Begins the Return
This new moon, this season, whatever is in the air has me going THROUGH it lately. I actually got sick for a couple of days because my body was silently screaming "No, that's enough, we're done."
In the midst of having a semi panic attack earlier last week, my mother calls. Our relationship is complicated and layered and brings me a lot of sadness to be honest. Something in me nudged me to pick up the phone. So, I did. Then I wept. I just broke down. The weight of so many things felt so heavy-- my shoulders gave way.
I do not like to cry. Not that I don't cry, I cry pretty easily when witnessing random everyday moments in life. I once started bawling when I saw an older man on the side of a road selling honey. I've teared up driving and the sunlight is glistening on fields, and the clouds are whisper thin and birds swoop in arches that feels like a spontaneous dance. I've cried watching the ocean waves lapping against the dark rock walls of the Oregon coast. I am a deeply sensitive person, but I prefer to cry over beauty. Crying because I am stressed? I absolutely hate that.
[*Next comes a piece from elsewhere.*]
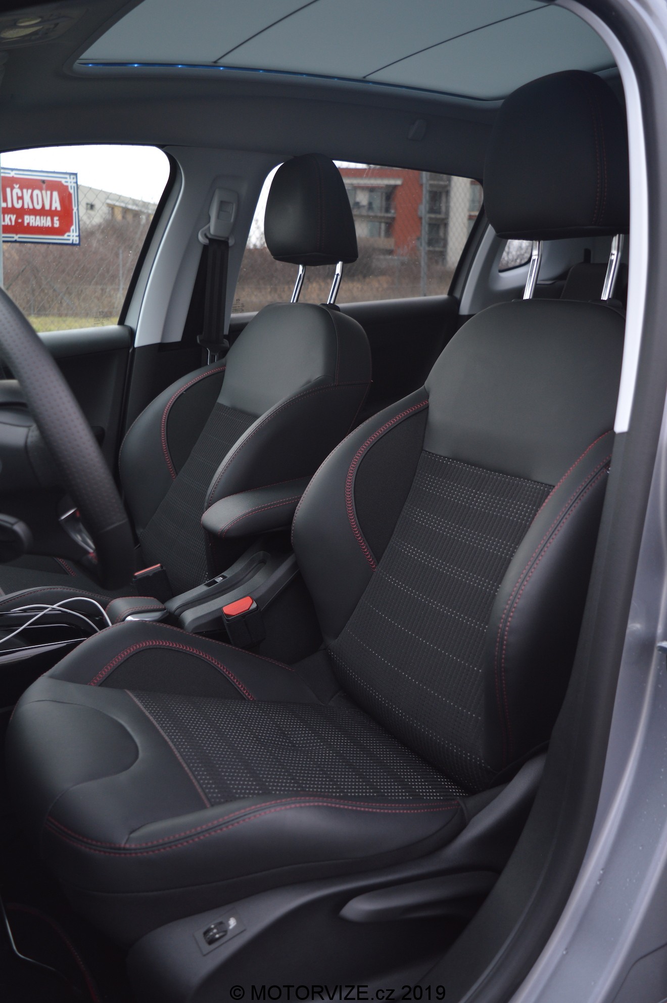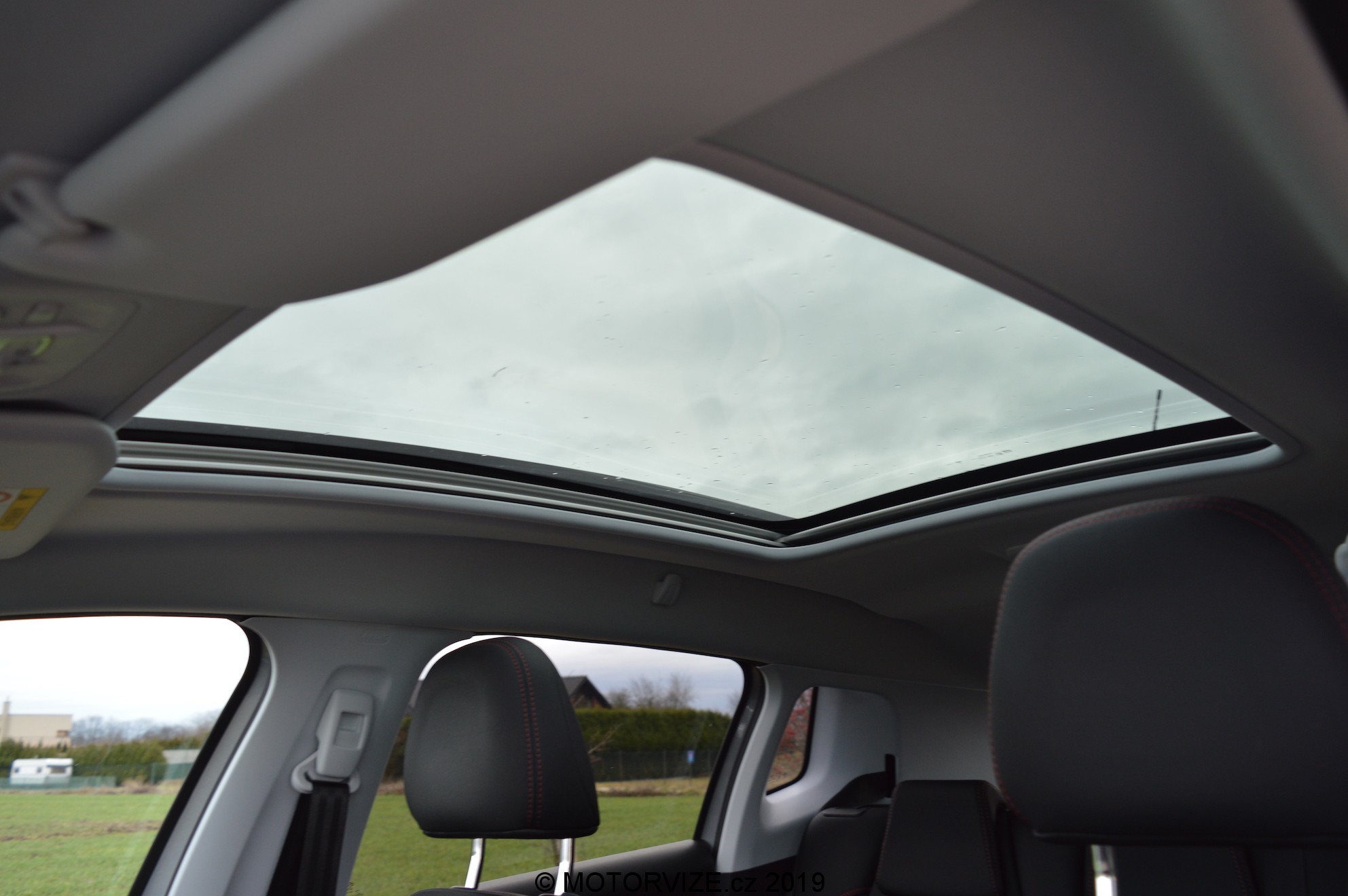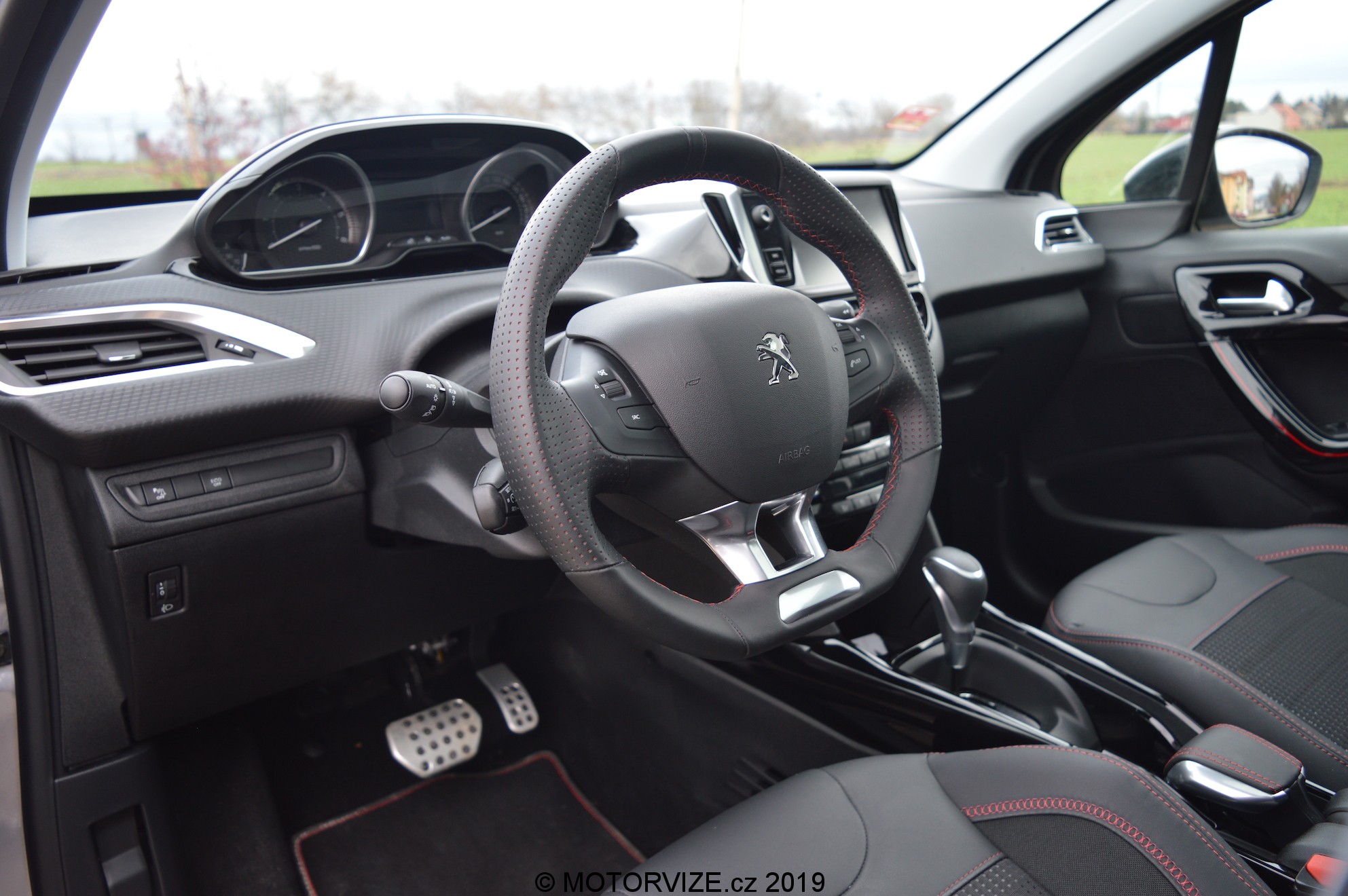 Už bylo mnohokrát zmíněno, že 2008 patří do malých SUV, je to nejmenší SUV značky a prezentuje tak i nejnižší třídu. Ačkoliv naše verze nepatří k těm vyloženě nejprodávanějším, 2008 lze v obecnosti považovat za opravdovou masovku. Však byl nedávno vyroben už miliontý kus tohoto modelu! I proto lze uvnitř zcela bez ostychu očekávat o něco levnější zpracování než v případě řad vyšších. Příkladem je tak poněkud chudší středový panel. Například takový audiosystém se musí spokojit se dvěma tlačítky a jedním titěrným kolečkem na ovládání hlasitosti. I ovládání klimatizace působí tak nějak, řekněme zastarale. Na druhou stranu ale pořád má mechanická tlačítka, což je určitě lepší než ovládání přes dotykový displej. Naopak velmi příjemně a zde i k velikosti docela přiměřeně působí tříramenný volant. V kombinaci s perforovanou kůží a červeným prošitím vypadá hodně sportovně. I uvnitř totiž najdeme prvky GT line, z nichž nejvíce kvituji sedadla. Ta mají velmi slušné boční vedení a ačkoliv bederní opěrku v ceníku nenajdete, záda z nich rozhodně nebolí. K úplné dokonalosti mi chyběl jen o něco delší sedák, v dané třídě to však nelze očekávat. i-Cockpit, koncept celého interiéru vozů značky Peugeot, je zde i v jedné ze svých vůbec prvních verzí pořád atraktivní. Na budíky umístěné výše než v případě konkurence skvěle vidím. Jejich grafika je mimochodem doplněna o působivé podsvícení v podobě červené linky. Právě díky odlišné koncepci mají mé nohy dostatek místa a kolena se tak nedotýkají nepříjemně volantu. Třešničkou na dortu je pak panoramatické střešní okno, které se rozprostírá přes celou střechu a společně s LED podsvětlením za celkových 15.000 Kč navozuje romantickou atmosféru k nezaplacení.

I allowed myself to feel everything I was feeling. Mother prayed, I listened. I'm not a religious person (my mother is, very much so) though I appreciate that she does not pressure me to believe what she believes in but does try to encourage me to at least get back into the habit of praying. That, I can do and will do.
After all the crying, I felt like the life force got sucked out of me. I went home, put on pajamas, and consoled myself with watching the Addams Family (c. 1991) for the 100th time before falling asleep.
A couple days later, I had a sweet conversation with my sister who reminded me that I have accomplished so much and in such a short span of time. I needed to hear that. I am my absolute worst critic and there is some inner workings that does not allow me to stop and take stock of what I have done. It is a constant "All right, I've done that, let's do the next thing." I have been like this all my life. I set the bar, meet the bar, and then I raise it. No one does this for me-- I also would not pay attention or care if someone else set the bar for me. I have always only competed with myself.
The small breakdown I had was cathartic. I wasn't expecting it to be. But it was. It allowed me to release so many expectations and guard rails I had set for myself. With the current tariffs imposed on Indian made goods now set at 50%, this drastically affects Atèlette and the projected growth we were planning for. I don't know if and/or when the tariffs will be lifted or changed, but as of right now, it has forced me to adjust my sails. The path that I was starting to pave, is gone.
I told my sister (and my husband)-- they are the two people that support me the most, that I needed to go through that small breakdown so my body would not hold on to it. So that, if shit does hit the fan, I had already gone through the first wave of emotions. I can weather it. I just need to adjust the direction my feet are going. And the destination is shifting a bit too.
So, it isn't back to square one, we're not wiping the drawing board clean, rather, we're beginning a return to the source. The source of where all of Atèlette stems from. I have been so excited about this altered path I haven't slept well the last couple of days. Just have so many ideas. Full of hope, a little scared, but also just feeling like I shed an old skin.
Sometimes you need to get to the precipice of the mountain and see how far you could fall, to realize how far you've come, to realize you can turn back and retrace your steps, that you can climb to the top a different way, there's another path. Have faith you'll make it through. Say a little prayer. Take a deep breath. Fly.